Crime went up last year, the biggest real increase in years. Murders were up by 25 per cent, the 65 recorded homicides being the highest in a decade. And violent crime was up by 8 per cent per capita.
Why? Police put much of the growth down to changes in reporting trends, particularly in family violence, but that doesn't tell us much about the driving forces.
Is it too simplistic or criminal-excusing namby-pambyism to point to the corresponding rise in joblessness last year?
Apparently - though not too simplistic to expect the National-Act "three strikes" law will deal a decisive blow against violent crime.
The Sensible Sentencing Trust's Garth McVicar, that plain-speaking, common-sensical hero of crime victims, promises the streets of New Zealand will be much safer once the Sentencing and Parole Reform bill is passed.
So does his brother in arms, Act MP David Garrett, an ardent admirer of America's three strikes laws which he claims is responsible for falling crime rates in the US in the 1990s.
Garrett wants us to be like California, where a particularly draconian version of the three strikes law has seen a 50 per cent drop in convictions for homicide and robbery.
That may be a little difficult, considering our version of three strikes is different - thankfully, considering the non-parole sentences handed out there, of 50 years for stealing $150 worth of children's videos, and 25 years for stealing golf clubs.
And considering, too, that the reasons for the remarkable drop in crime rates in California and indeed throughout the US since the early 1990s are highly disputed.
Many reasons have been advanced for the dramatic fall in US crime rates.
Probably the most controversial - and hotly contested - was the suggestion by American economists Steve Levitt (of Freakonomics fame) and John Donohue that abortion accounted for as much as half the decline in crime rates.
They contended that abortion led to fewer unwanted babies, who were more likely to suffer abuse and neglect and were therefore more likely to end up as criminals.
In a 2001 paper, they argued it was the absence of unwanted aborted children since abortion was legalised in 1973 that had led to a reduction in crime 18 years later, starting in 1992, when the evidence showed that crime in the US had started to decline. (Males aged 18 to 24 being most likely to commit crimes.)
This prompted the widely-condemned statement by a former US secretary of education that "if you wanted to reduce crime - if that were your sole purpose, you could abort every black baby in this country, and your crime rate would go down".
Which isn't too far a cry from the sterilisation option mooted by David Garrett and others in this country.

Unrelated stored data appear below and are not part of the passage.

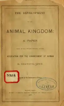 - The Development of the Animal Kingdom: A Paper Read at the Fourth Meeting of the Association for the Advancement of Woman. Nantucket, MA: Hussey & Robinson, 1877.
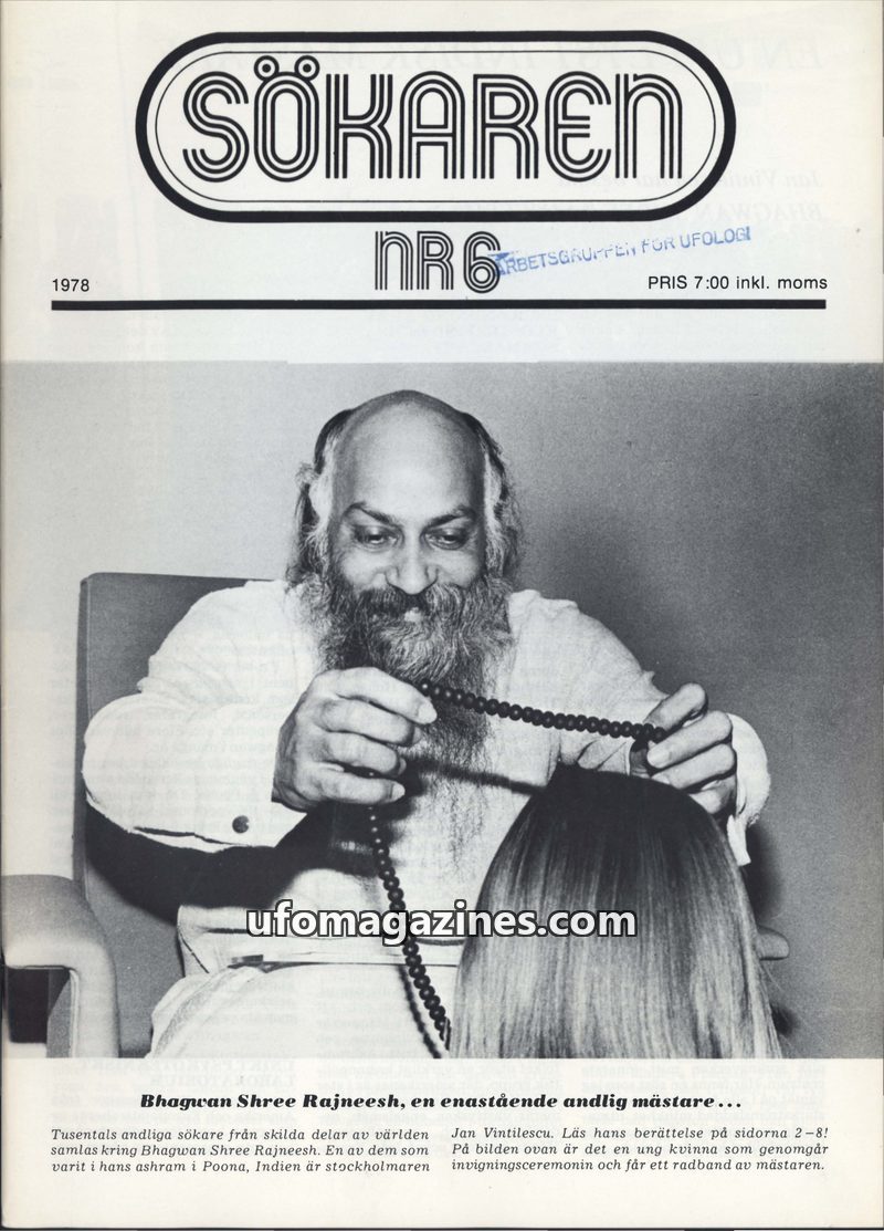 This issue of Sökaren focuses on Bhagwan Shree Rajneesh, detailing his ashram in Poona, India, and his teachings on meditation and spiritual growth. It also explores theories of re
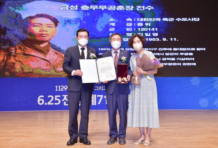 ƯÈ÷ À̳¯ ±â³ä½Ä¿¡¼´Â 1952³â 10¿ù °¿øµµ öÀÇ »ï°¢Áö´ë ±ÝÈÁö±¸ ÀüÅõ¿¡¼ ¹ß±ºÀÇ ¹«°øÀ¸·Î 1953³â 9¿ù ¼ÈÆ °áÁ¤µÆ´ø ±¤ÁÖÃâ½Å ÀüÀï À¯°øÀÚ Íº ±èÀÏ¿µ ÁßÀ§(À°±º ¼öµµ»ç´Ü)¿¡ ´ëÇÑ ±Ý¼ºÃ湫¹«°øÈÆÀåÀ» À̿뼷 ½ÃÀåÀÌ 68³â ¸¸¿¡ À¯Á·ÀÎ Àå³² ±è±Õ¼ö(65) ¾¾¿¡°Ô Àü¼öÇß´Ù.
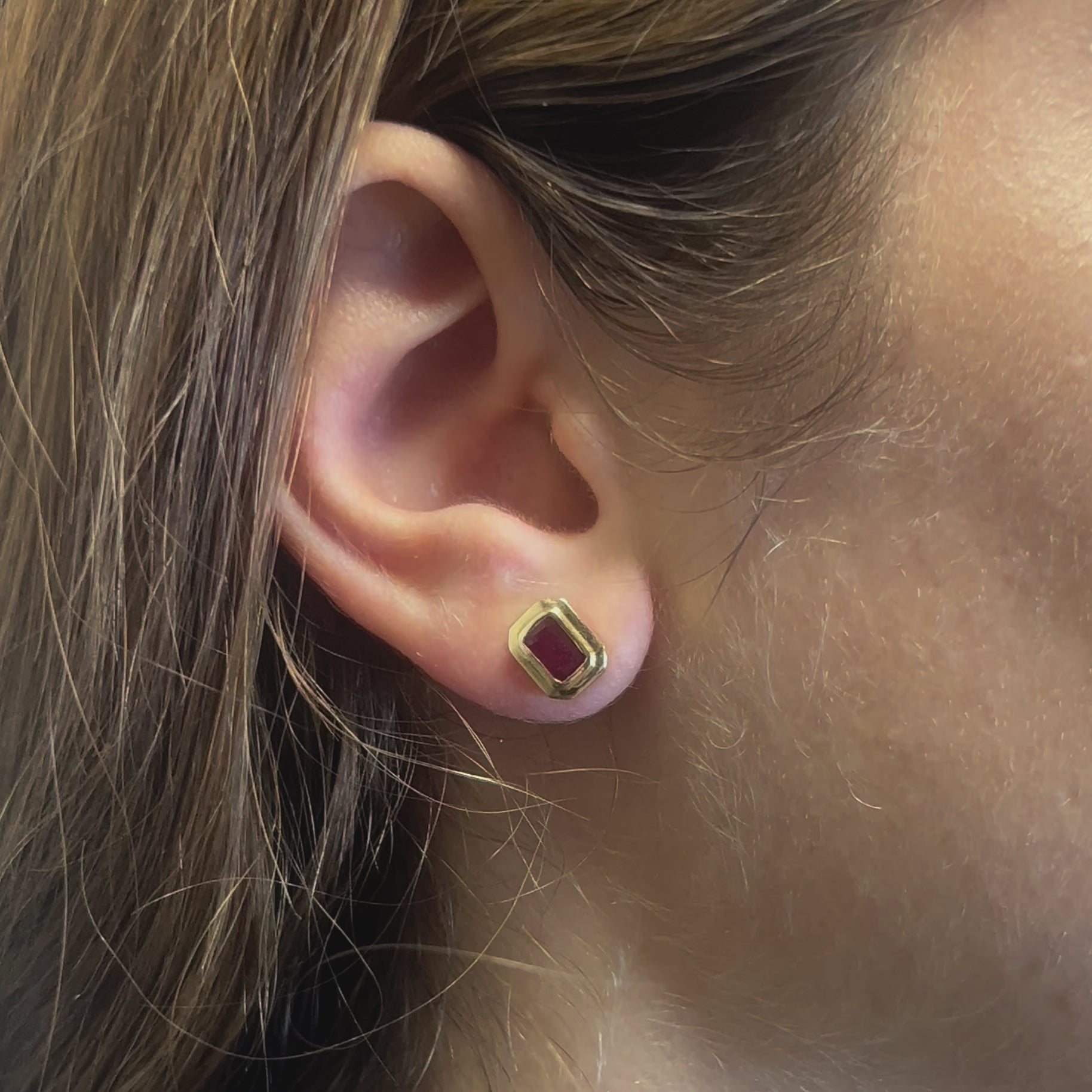 These stud earrings are made of 14K gold, which is a durable and long-lasting metal that complements the deep and rich red hue of the rubies. The gold adds a warm and luxurious touch to the earrings, making them a great option for special occasions or everyday wear.

Much has been made, too, of the crime-cutting role of tough policing under zero tolerance and "broken windows" policies adopted by the likes of New York mayor Rudi Giuliani. But a number of scientific studies have since showed this was much less significant than first thought.
Disputed, too, is the impact of the massive increase in prisoners that followed the introduction of three strikes laws in 22 states.
Critics point out the decline in US crime started before the introduction of three strikes (1994 in California ) and that states like New York, which never introduced three strikes, had much sharper declines than California.
In other words, as The Sentencing Project pointed out in a 2005 paper, the relationship between incarceration and crime is complex.
More recent analyses have estimated that while about 25 per cent of the drop in violent crime in the US can be attributed to increased imprisonment, most of the decline was due to other factors - the stronger economy that produced jobs and opportunities for lower-income workers; the sudden end of the crack cocaine epidemic; smarter policing; and community response changes.
There are many reasons to dislike our home-grown version of the three strikes law.
Critics have described it variously as "irrational and extreme", concerning and unjust, as well as plain "stupid" (criminologist Greg Newbold's assessment back in January).
Legal academics Dr Richard Ekins and Professor Warren Brookbanks argued in recent lectures sponsored by the Maxim Institute that the proposed law will fail in its aim to deter offenders, and lead to arbitrary and unfair sentencing.
Worse still is that, rather than targeting "the worst of the worst", it will radically widen the scope of offenders to include those on relatively less serious offences.
In other words, it misses the point.
We all want a safer country, with much less violent crime. We all want our most vicious criminals locked up for as long as it takes to keep us safe. But no law will guarantee that we'll sleep more safely in our beds, or keep our children out of harm's way.
Especially not if we ignore the real drivers of crime, as National seems intent on doing (as the Ministry of Justice has pointed out).
Western Australia's retiring District Court Chief Judge Antoinette Kennedy recently said: "Once you can have people more frightened of disorder than tyranny, it enables you to do almost anything you like so far as legislation is concerned.
"... it doesn't require any leadership to say we're going to increase all penalties and we're going to lock everybody up longer. But to actually convey to the community, no, we're not doing that because it doesn't work, we're going to do these other things such as early intervention, such as programmes - that requires leadership."